The input:
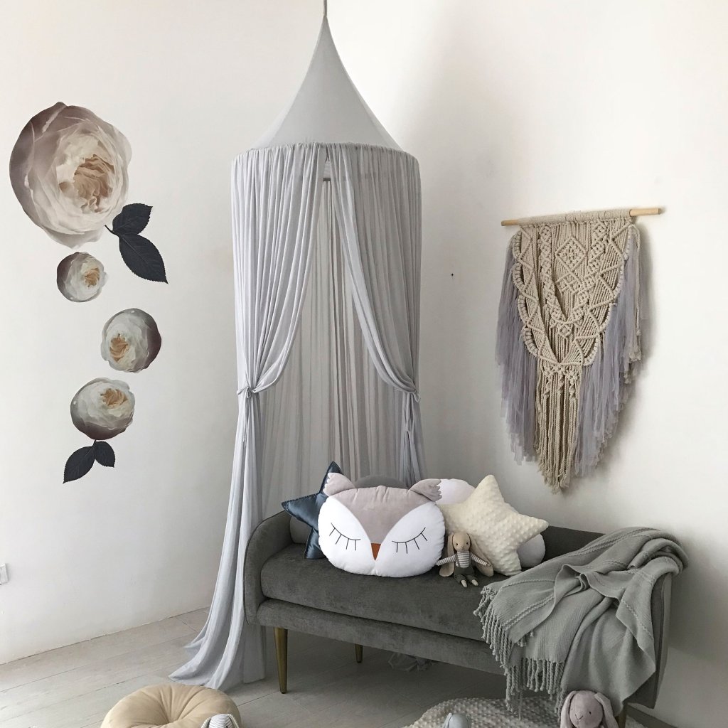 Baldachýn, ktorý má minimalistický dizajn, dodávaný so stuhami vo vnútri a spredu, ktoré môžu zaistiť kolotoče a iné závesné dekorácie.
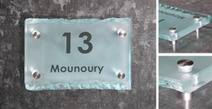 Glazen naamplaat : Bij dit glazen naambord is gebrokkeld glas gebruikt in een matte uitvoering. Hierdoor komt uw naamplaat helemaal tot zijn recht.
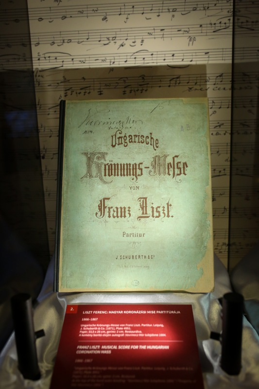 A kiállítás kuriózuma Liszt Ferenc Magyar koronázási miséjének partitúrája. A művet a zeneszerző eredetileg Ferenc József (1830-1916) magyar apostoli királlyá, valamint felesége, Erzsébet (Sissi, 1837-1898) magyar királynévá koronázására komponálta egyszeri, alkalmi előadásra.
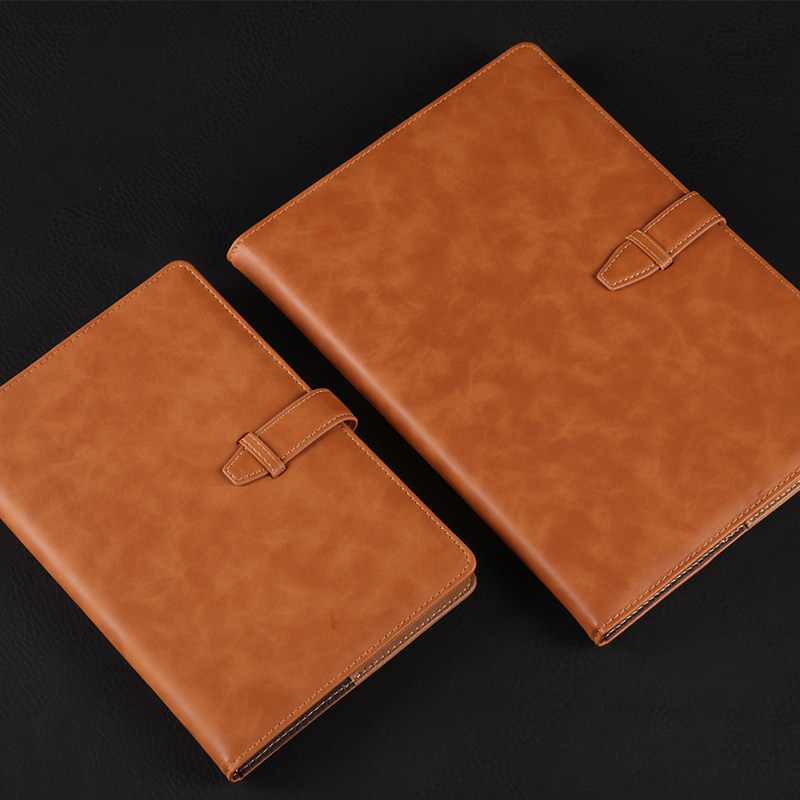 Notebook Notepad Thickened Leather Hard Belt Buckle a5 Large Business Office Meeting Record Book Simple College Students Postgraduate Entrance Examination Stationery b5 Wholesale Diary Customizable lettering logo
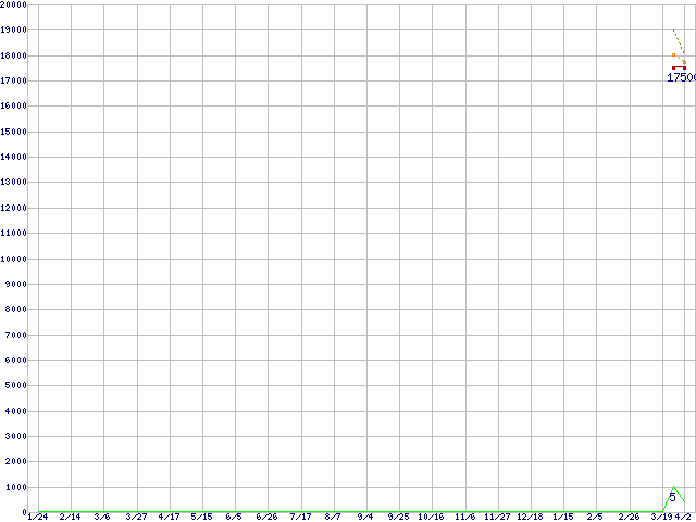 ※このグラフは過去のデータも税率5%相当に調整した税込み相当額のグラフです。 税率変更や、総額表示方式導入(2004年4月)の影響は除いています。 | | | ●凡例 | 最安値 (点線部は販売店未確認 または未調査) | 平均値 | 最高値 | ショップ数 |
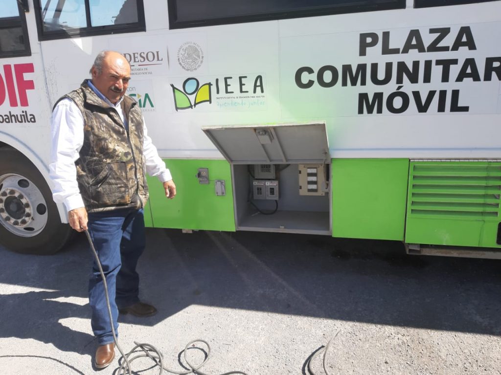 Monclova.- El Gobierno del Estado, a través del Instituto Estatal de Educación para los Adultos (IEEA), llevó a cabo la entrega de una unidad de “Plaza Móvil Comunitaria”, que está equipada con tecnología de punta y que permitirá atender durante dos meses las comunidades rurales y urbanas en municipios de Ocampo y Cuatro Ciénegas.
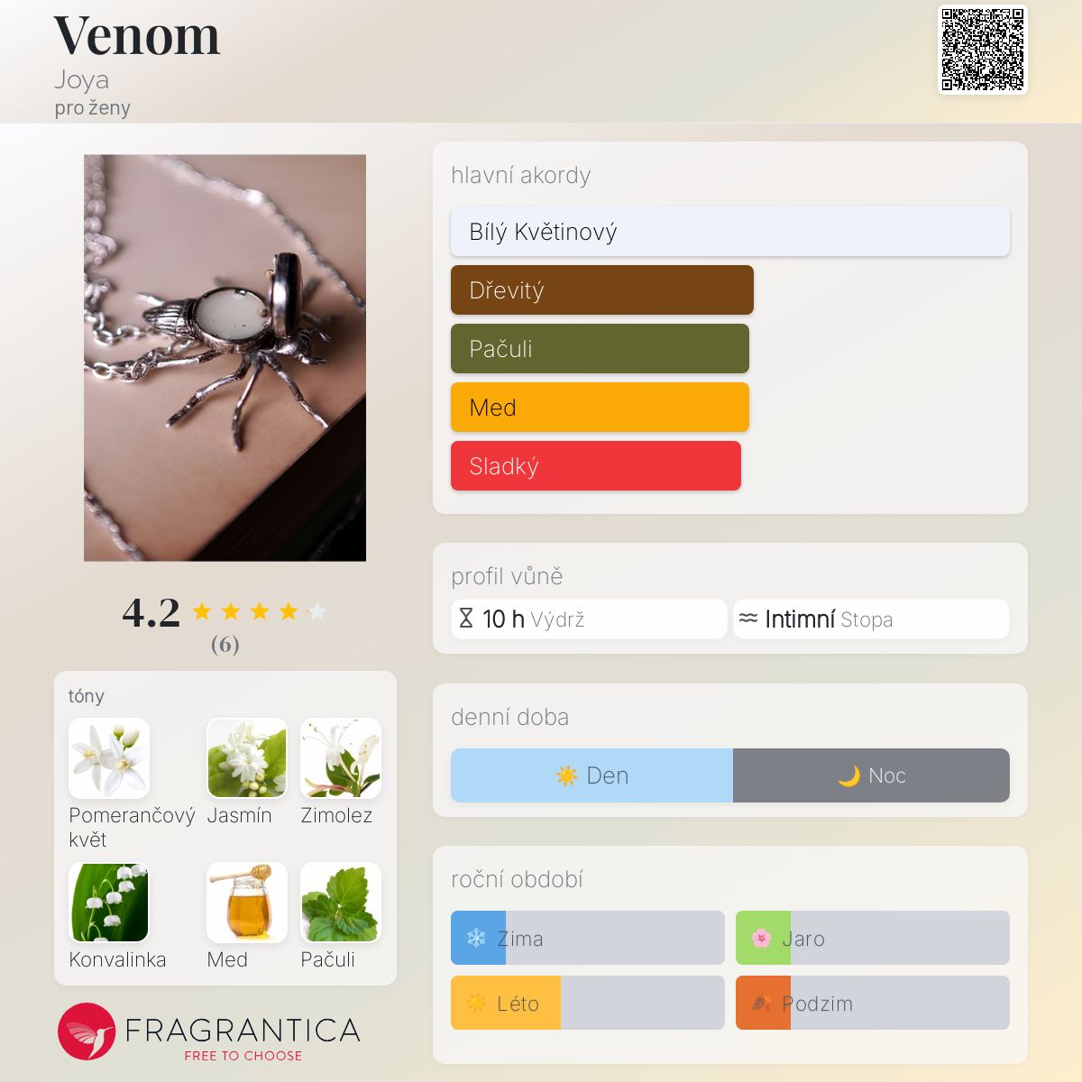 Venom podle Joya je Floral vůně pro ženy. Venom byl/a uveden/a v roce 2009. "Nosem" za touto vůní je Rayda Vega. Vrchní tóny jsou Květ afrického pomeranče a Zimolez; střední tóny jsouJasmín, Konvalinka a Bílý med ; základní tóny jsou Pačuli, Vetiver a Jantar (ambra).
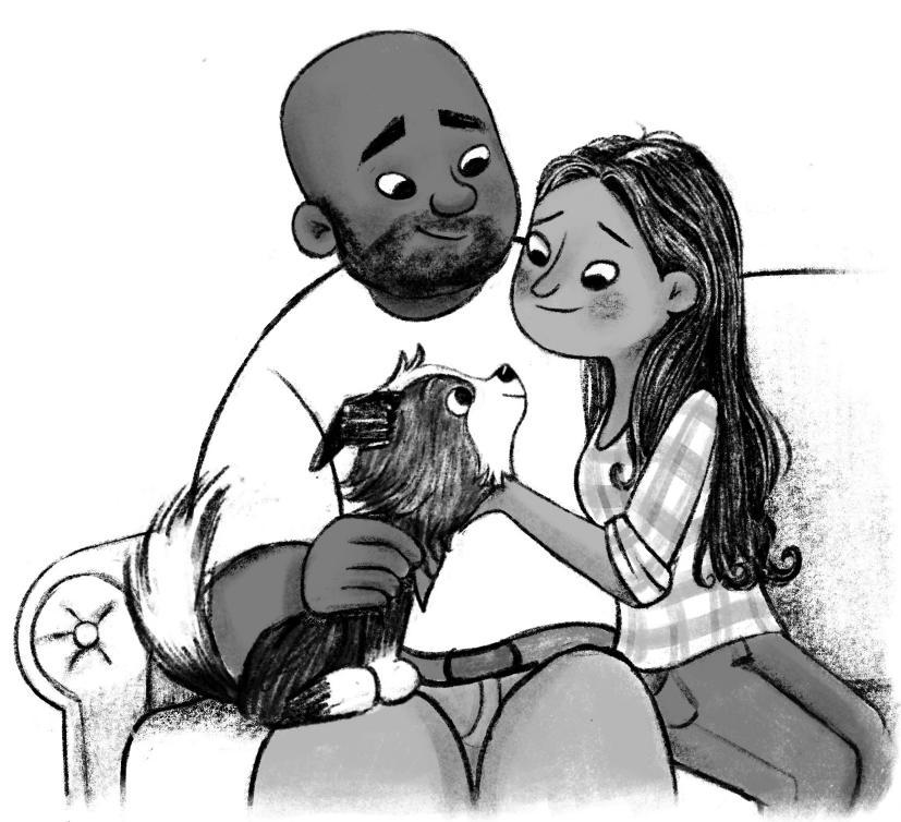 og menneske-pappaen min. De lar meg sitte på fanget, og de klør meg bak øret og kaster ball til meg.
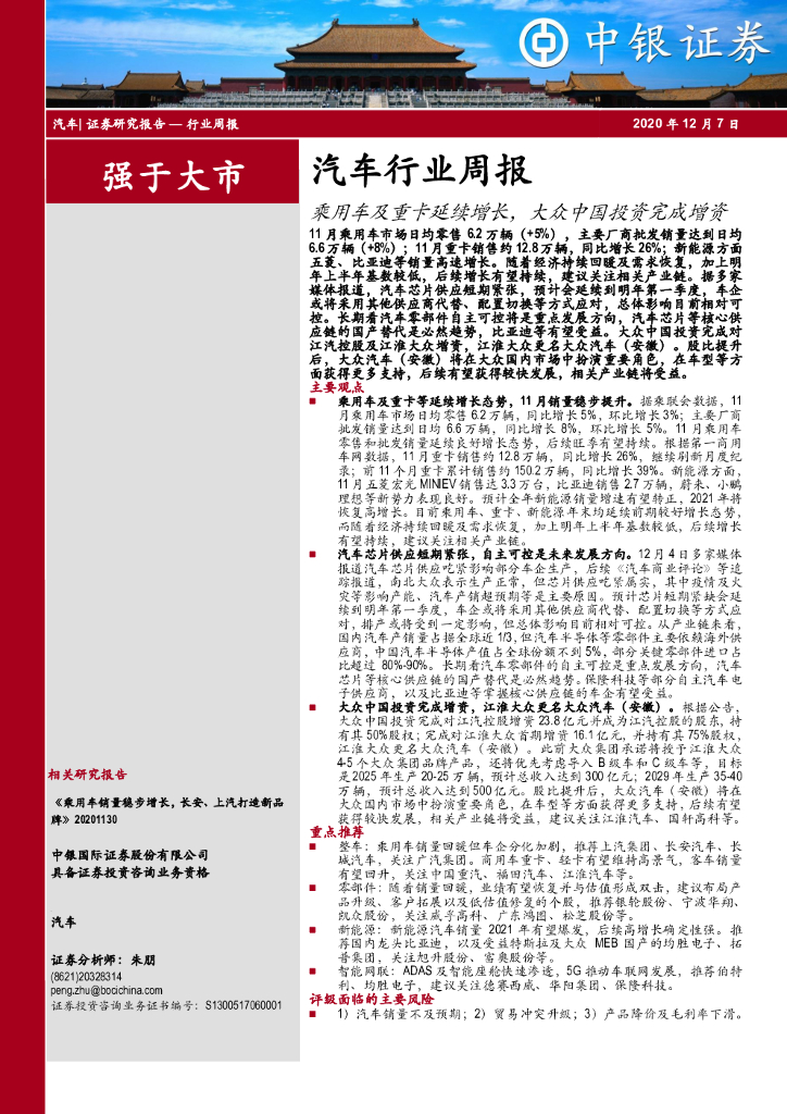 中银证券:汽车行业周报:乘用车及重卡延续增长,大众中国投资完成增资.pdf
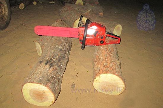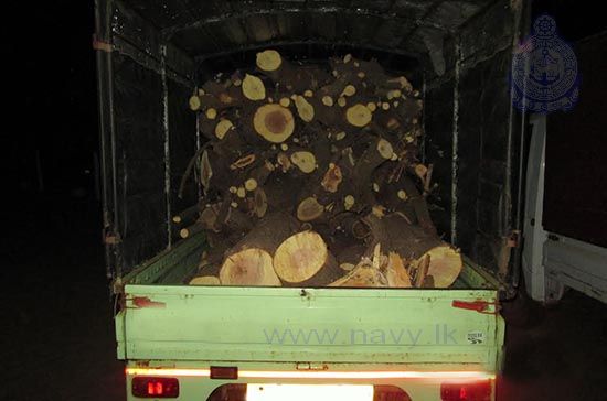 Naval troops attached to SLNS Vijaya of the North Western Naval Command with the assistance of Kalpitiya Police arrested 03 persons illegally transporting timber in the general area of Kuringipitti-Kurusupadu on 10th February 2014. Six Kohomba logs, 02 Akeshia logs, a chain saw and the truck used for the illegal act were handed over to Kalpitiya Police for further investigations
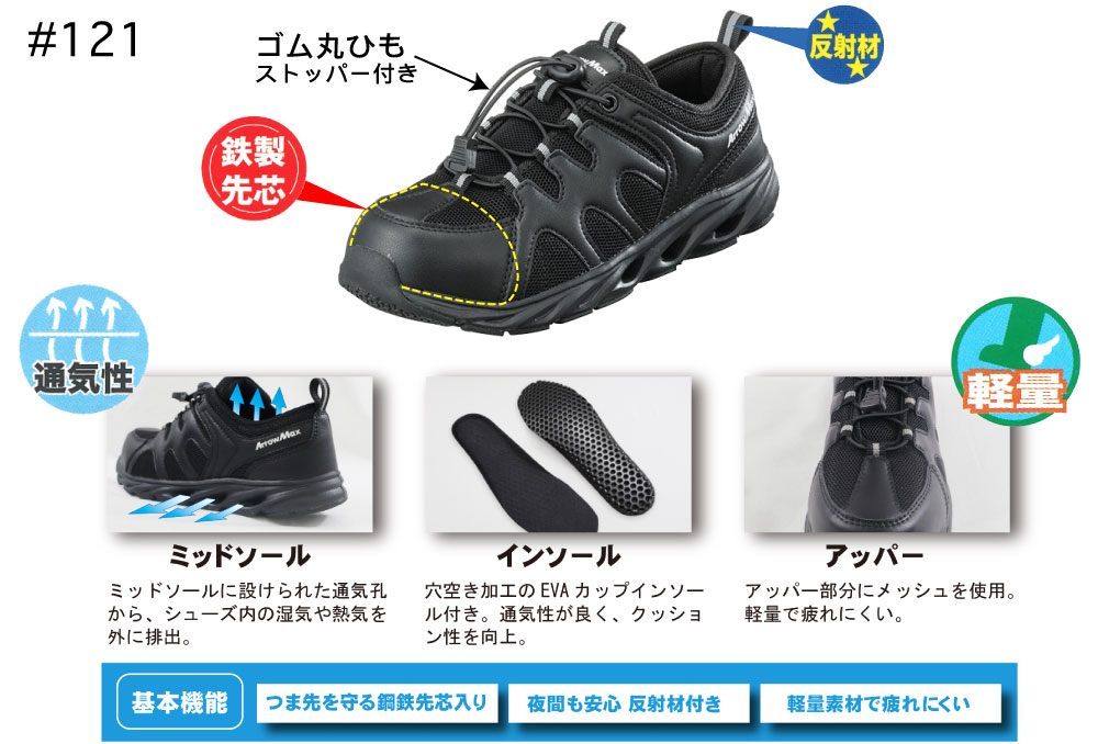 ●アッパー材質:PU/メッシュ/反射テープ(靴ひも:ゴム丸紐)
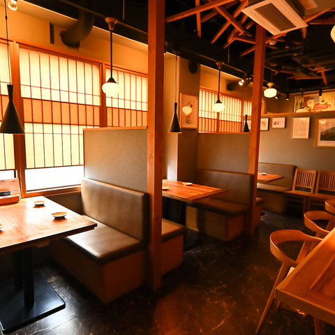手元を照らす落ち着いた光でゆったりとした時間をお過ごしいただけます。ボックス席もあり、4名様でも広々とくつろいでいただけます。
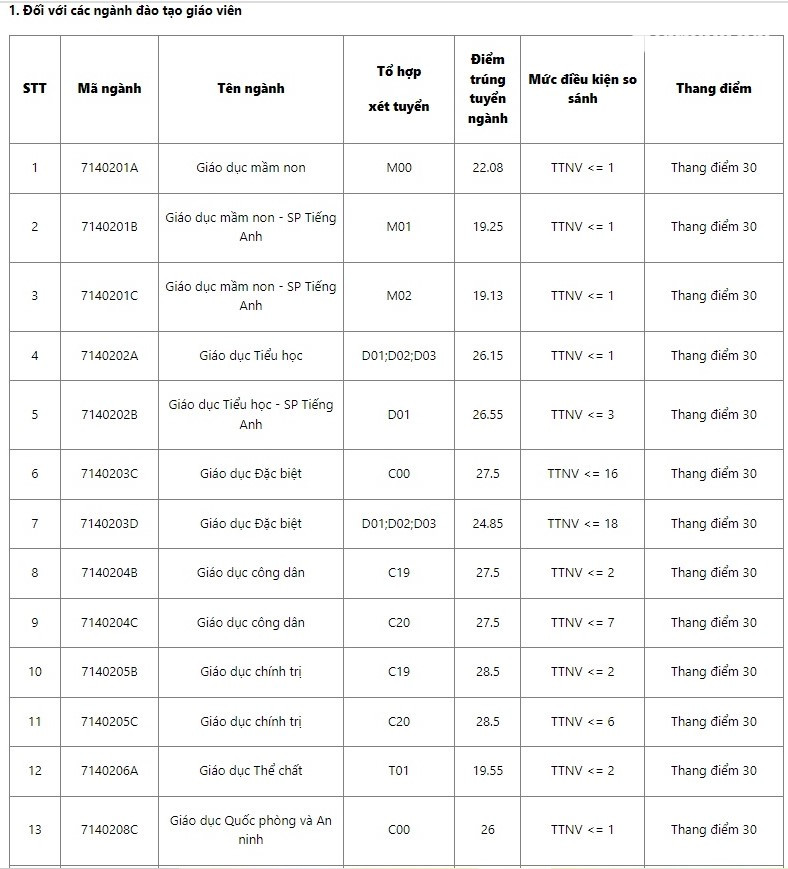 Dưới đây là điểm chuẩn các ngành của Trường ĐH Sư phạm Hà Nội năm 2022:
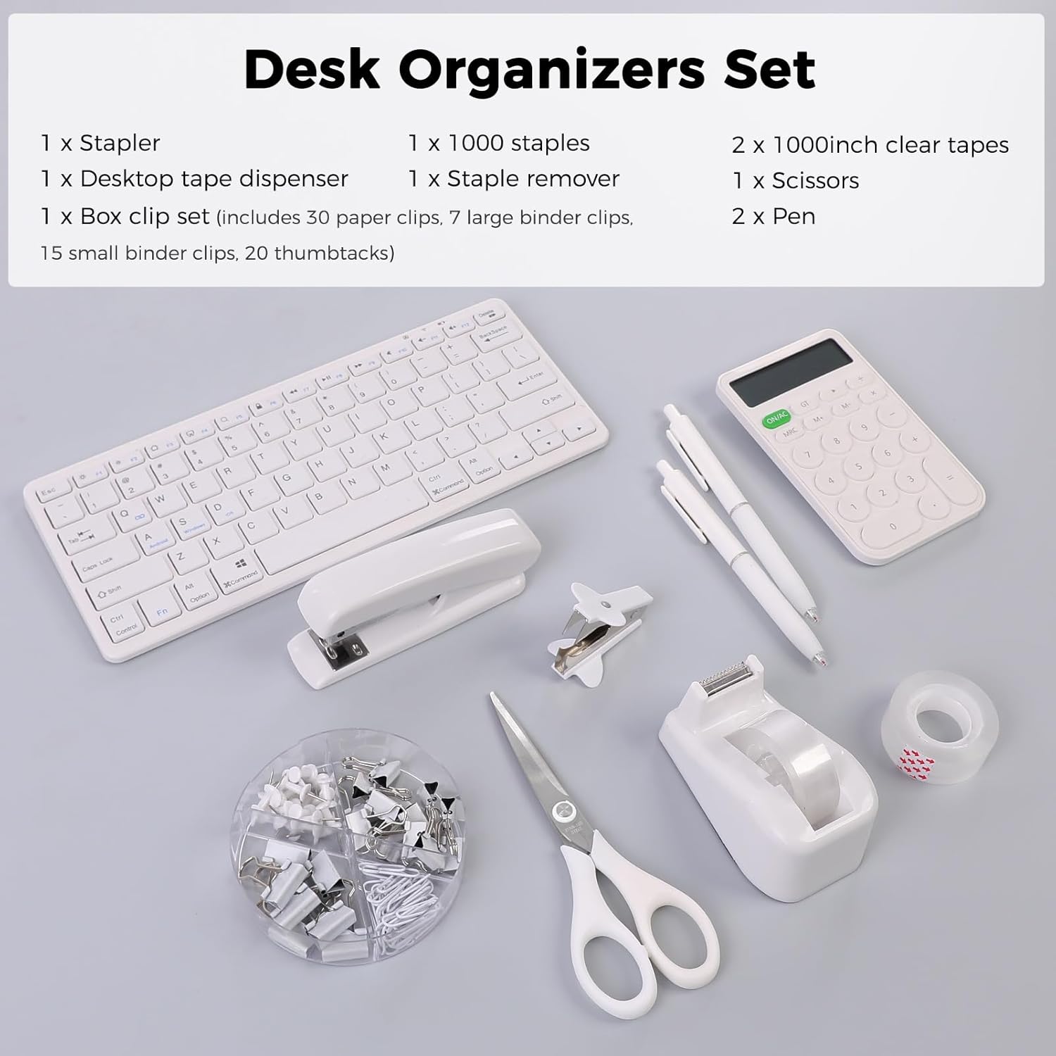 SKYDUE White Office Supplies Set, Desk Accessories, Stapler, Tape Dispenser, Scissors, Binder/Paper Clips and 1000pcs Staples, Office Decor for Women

Work item: Reprint the listing above exactly, without images.

Your solution:
 Baldachýn, ktorý má minimalistický dizajn, dodávaný so stuhami vo vnútri a spredu, ktoré môžu zaistiť kolotoče a iné závesné dekorácie.
 Glazen naamplaat : Bij dit glazen naambord is gebrokkeld glas gebruikt in een matte uitvoering. Hierdoor komt uw naamplaat helemaal tot zijn recht.
 A kiállítás kuriózuma Liszt Ferenc Magyar koronázási miséjének partitúrája. A művet a zeneszerző eredetileg Ferenc József (1830-1916) magyar apostoli királlyá, valamint felesége, Erzsébet (Sissi, 1837-1898) magyar királynévá koronázására komponálta egyszeri, alkalmi előadásra.
 Notebook Notepad Thickened Leather Hard Belt Buckle a5 Large Business Office Meeting Record Book Simple College Students Postgraduate Entrance Examination Stationery b5 Wholesale Diary Customizable lettering logo
 ※このグラフは過去のデータも税率5%相当に調整した税込み相当額のグラフです。 税率変更や、総額表示方式導入(2004年4月)の影響は除いています。 | | | ●凡例 | 最安値 (点線部は販売店未確認 または未調査) | 平均値 | 最高値 | ショップ数 |
 Monclova.- El Gobierno del Estado, a través del Instituto Estatal de Educación para los Adultos (IEEA), llevó a cabo la entrega de una unidad de “Plaza Móvil Comunitaria”, que está equipada con tecnología de punta y que permitirá atender durante dos meses las comunidades rurales y urbanas en municipios de Ocampo y Cuatro Ciénegas.
 Venom podle Joya je Floral vůně pro ženy. Venom byl/a uveden/a v roce 2009. "Nosem" za touto vůní je Rayda Vega. Vrchní tóny jsou Květ afrického pomeranče a Zimolez; střední tóny jsouJasmín, Konvalinka a Bílý med ; základní tóny jsou Pačuli, Vetiver a Jantar (ambra).
 og menneske-pappaen min. De lar meg sitte på fanget, og de klør meg bak øret og kaster ball til meg.
 中银证券:汽车行业周报:乘用车及重卡延续增长,大众中国投资完成增资.pdf
 Naval troops attached to SLNS Vijaya of the North Western Naval Command with the assistance of Kalpitiya Police arrested 03 persons illegally transporting timber in the general area of Kuringipitti-Kurusupadu on 10th February 2014. Six Kohomba logs, 02 Akeshia logs, a chain saw and the truck used for the illegal act were handed over to Kalpitiya Police for further investigations
 ●アッパー材質:PU/メッシュ/反射テープ(靴ひも:ゴム丸紐)
手元を照らす落ち着いた光でゆったりとした時間をお過ごしいただけます。ボックス席もあり、4名様でも広々とくつろいでいただけます。
 Dưới đây là điểm chuẩn các ngành của Trường ĐH Sư phạm Hà Nội năm 2022:
 SKYDUE White Office Supplies Set, Desk Accessories, Stapler, Tape Dispenser, Scissors, Binder/Paper Clips and 1000pcs Staples, Office Decor for Women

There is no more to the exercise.